Bear exports as Markdown. Hjarni's ZIP importer takes that export and preserves your structure. Tags map to Hjarni tags; folders are created from your tag hierarchy if you use one.

When to use Bear

  • You live on Apple devices
  • You want the most polished personal writing experience
  • Local, Mac-only AI access is enough for you

When to use Hjarni

  • You want ChatGPT and Claude to read your notes from any device, and Cursor to read them in your editor
  • You work across web, Windows, and non-Apple devices
  • You want a shared knowledge base with built-in AI behavior

Bear opens your notes to AI on one Mac. Hjarni lets any assistant read and write them from any device.

Common questions

Common questions

Does Bear have MCP or an API for third-party AI?

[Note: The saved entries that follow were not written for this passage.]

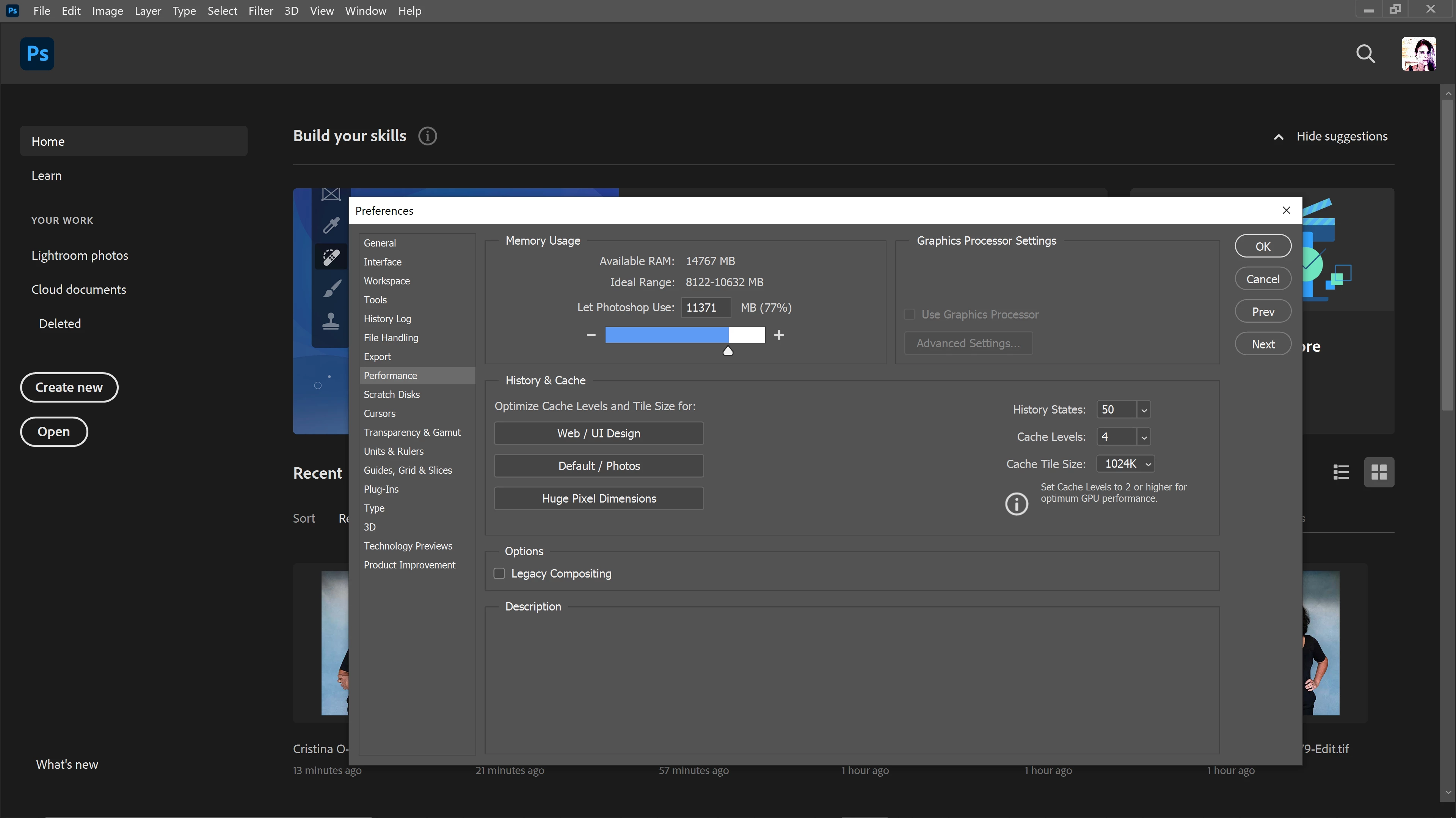 Memory available to Photoshop: 14768 MB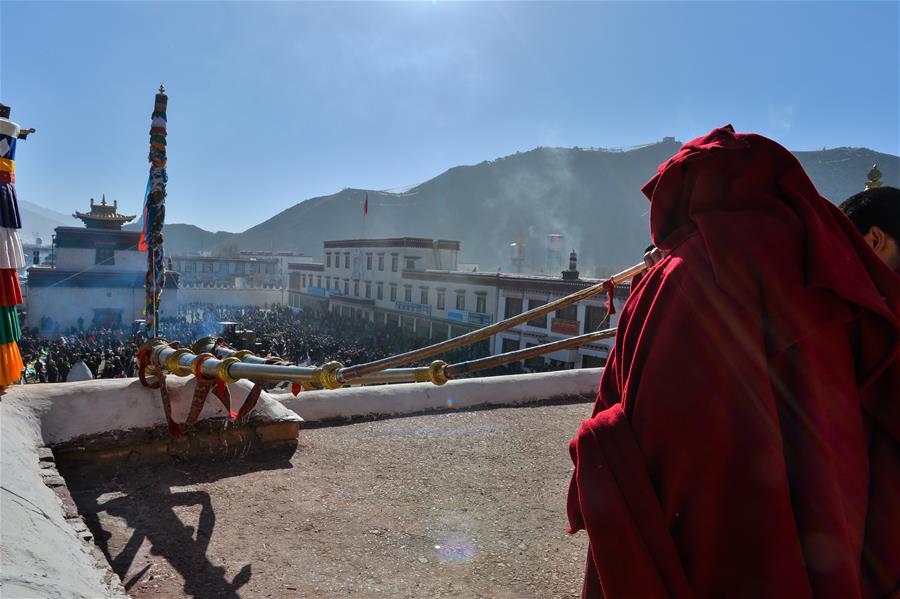 2月13日,桑耶寺僧人在大经杆更换经幡仪式上吹法号。
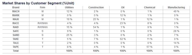 The customer panel study is based on a sample group of over 500 customers whose buying behavior is believed to be representative of the entire market. It provides market share by customer segment as well as industry sales in the product category. The market share figures represent the proportion of respondents who have purchased a given product during the simulated period. The report gives the information for each product currently on the market in total and by customer segment; see Figure 21.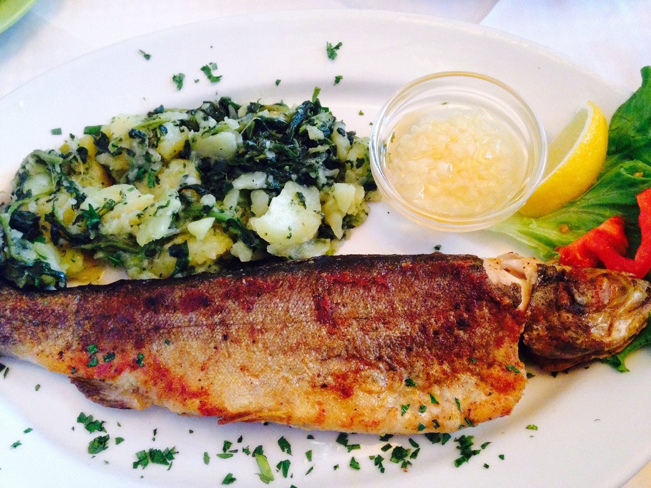 近くの村でマス料理をたべました。地元の名物です。美味しかったです。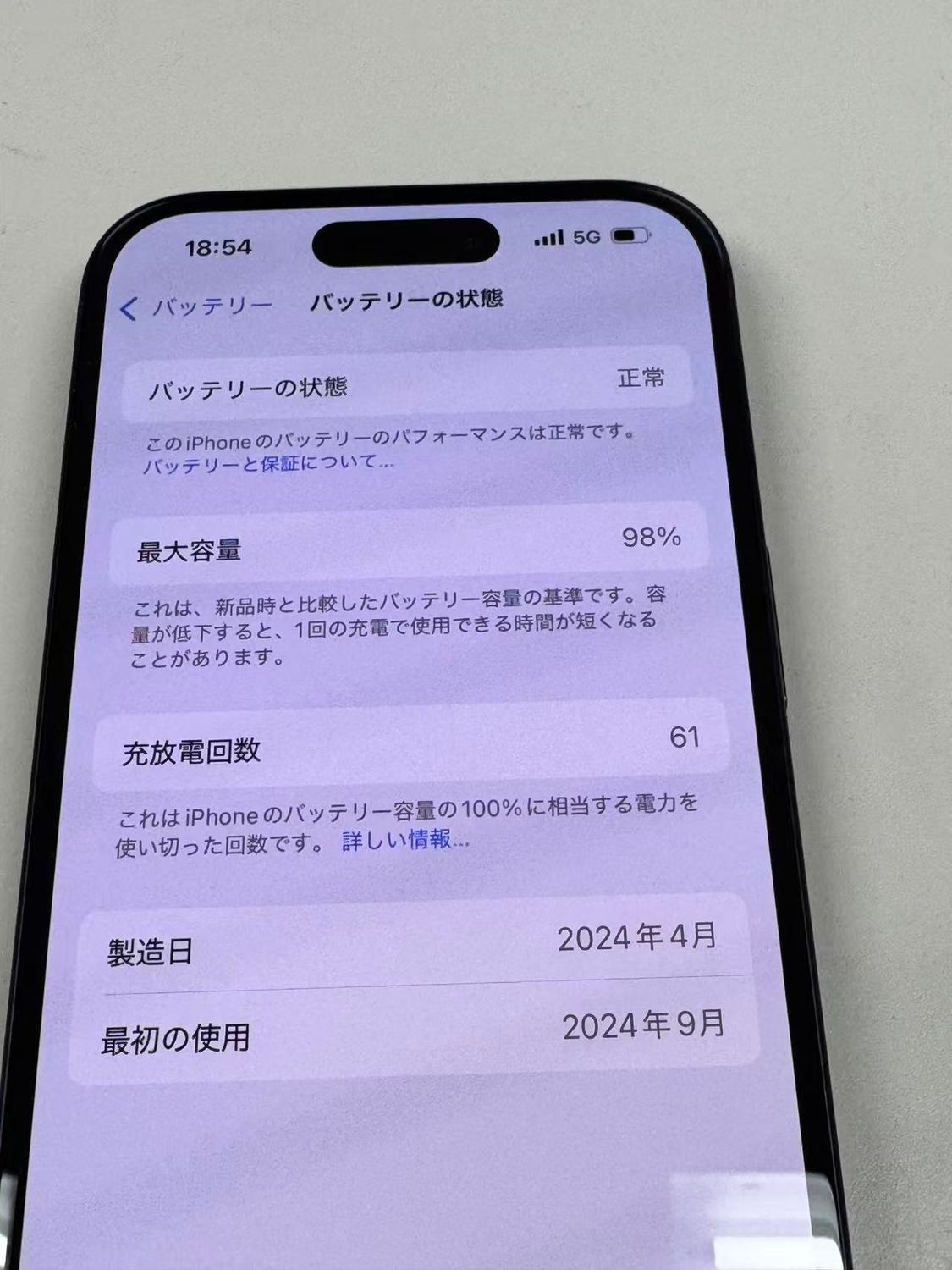 バッテリー最大容量表示:98%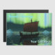 A slightly stylized image of a Viking longship sailing at night under the Northern Lights there a couple of icebergs; most of the crew is asleep. Text reading, "Season's Greetings" appears in glowing blue and white. Add your own additional text.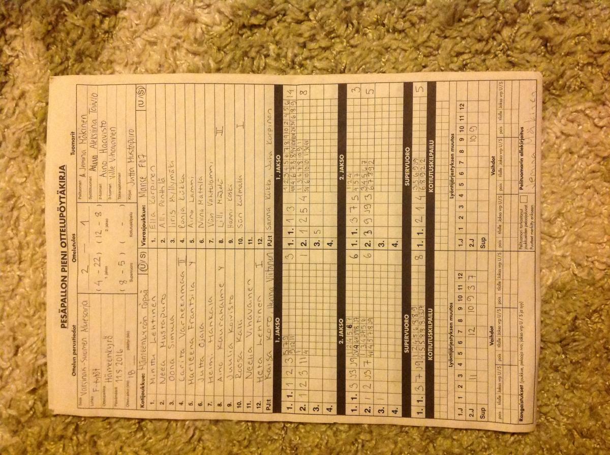 | 11.5.2016 | Hämeenkyrö | Tampere | 2-1 (4-22, 12-8, 8-5) | näytä | |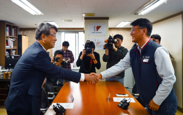 ▲김지형(오른쪽) 경제사회노동위원회 위원장이 25일 서울 중구 전국민주노동조합총연맹을 찾아 양경수 민주노총 위원장과 회동하고 있다. 경사노위와 민주노총의 공식적인 만남은 민주노총이 1999년 2월 경사노위의 전신인 노사정위원회를 탈퇴한 뒤 26년 만이다. 신태현 기자 holjjak@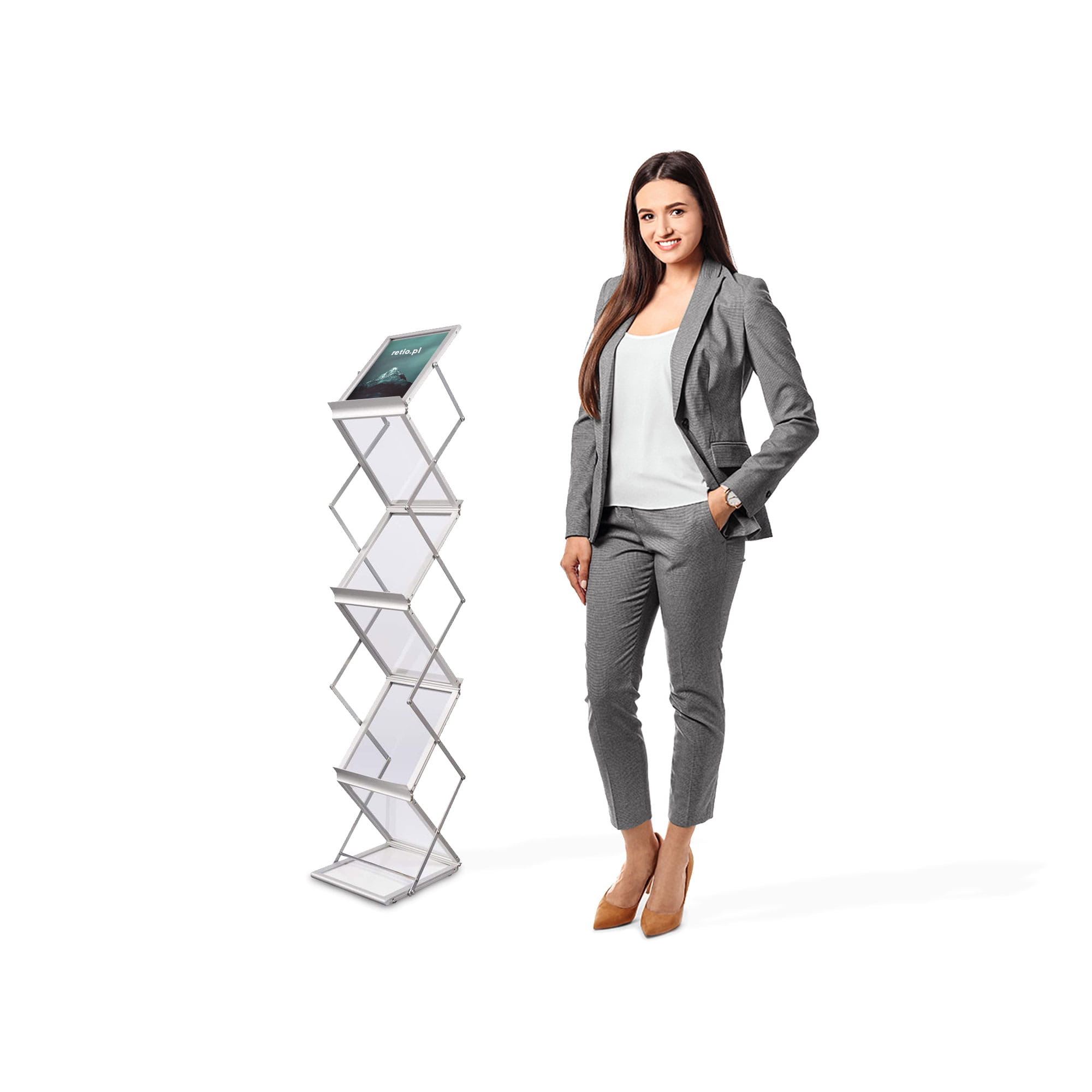 The only concern you may have is running out of POS materials. The stand's design attracts customers' attention and allows easy browsing of brochures thanks to its double-sidedness.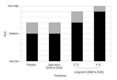 | Keywords: Risks associated with wildfires in North America due to climate variability and change.png climate change will increase risks associated with wildfires in North America The graph legend is available as a separate image Risks are shown for the present 2014 near-term 2030 to 2040 and long-term 2080 to 2100 Long-term risks are shown for 2 and 4 °C of global warming relative to pre-industrial times The top of the grey bar shows the risk level based on current adaptation practices to climate variability and change The top of the black bar shows the risk level based on a hypothesized highly adapted state Graph data is available in a later section References Assessment Box SPM 2 Table 1 in http //www ipcc ch/pdf/assessment-report/ar5/wg2/ar5_wgII_spm_en pdf Summary for Policymakers archived http //web archive org/web/20141102140028/http //ipcc ch/pdf/assessment-report/ar5/wg2/ar5_wgII_spm_en pdf 2 November 2014 p 23 in citation 2014 IPCC AR5 WG2 A CITEREFIPCC AR5 WG2 A2013 Field C B et al Climate Change 2014 Impacts Adaptation and Vulnerability Part A Global and Sectoral Aspects GSA Contribution of Working Group II WG2 to the Fifth Assessment Report AR5 of the Intergovernmental Panel on Climate Change IPCC http //www ipcc ch/report/ar5/wg2/ Cambridge University Press harv Archived http //web archive org/web/20141102140028/http //ipcc ch/report/ar5/wg2/ 2 November 2014 2014-11-10 08 53 52 own Enescot other versions Data Risk levels Very low 0 Medium 50 Very high 100 wikitable - Timeframe Adaptation - Current High - Present 70 50 - 2030 to 2040 70 50 - 2 degrees C 90 70 - 4 degrees C 100 90 - cc-zero Uploaded with UploadWizard Global warming graphs |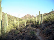 Deserts typically have a plant cover that is sparse but enormously diverse. The giant saguaro cacti of the Sonoran Desert provide nests for desert birds and serve as "trees" of the desert. Saguaro grow slowly but may live up to 200 years. When 9 years old, they are about 15 centimeters (6 in) high. After about 75 years, the cacti develop their first branches. When fully grown, saguaro cacti are 15 meters tall and weigh as much as 10 tons. They dot the Sonoran and reinforce the general impression of deserts as cactus-rich land.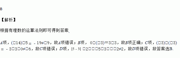 A. (-14)-5=-9 B. 0-(-3)=3 C. (-3)-(-3)=-6 D.

As of Bear 2.8, yes. BearCLI ships a local MCP server that works with MCP clients like Claude Code and Cursor, plus a one-click Claude connector. It is local and macOS-only, with no hosted endpoint, so remote clients cannot reach it: no ChatGPT, no Claude on iOS, nothing from a non-Apple device. Hjarni's MCP server is hosted, so remote-MCP clients read your notes from anywhere.

Can I keep Bear and add Hjarni?

Yes. Most people do. Keep Bear for personal writing and use Hjarni for notes you want AI assistants or a team to read.

Can I import from Bear?

Yes. Export Bear notes as Markdown and drop the ZIP into Hjarni's importer. Tags become Hjarni tags.

Does Hjarni work outside Apple devices?

Yes. Hjarni runs in any browser plus native iOS and Android apps. Bear is Apple-only.

Is Hjarni as private as Bear?

Notes are stored encrypted at rest in the EU. Content is only sent to AI assistants you explicitly connect via MCP.

Can I use Bear and its AI on Windows, Android, or the web?

No. Bear runs only on iOS, iPadOS, and macOS, with no Windows app, no Android app, and no real web version, and being Apple-only is the most-cited reason long-time users leave it. Its AI access follows the same boundary: Bear keeps its MCP server local and Mac-bound by design, so only assistants running on that one Mac can reach your notes. Hjarni is the cross-platform alternative. The same notes open in any browser, and a hosted read-and-write MCP server lets ChatGPT, Claude, Cursor, or Copilot both read and update them from any device. Edits land as named, visible notes you can review and revert.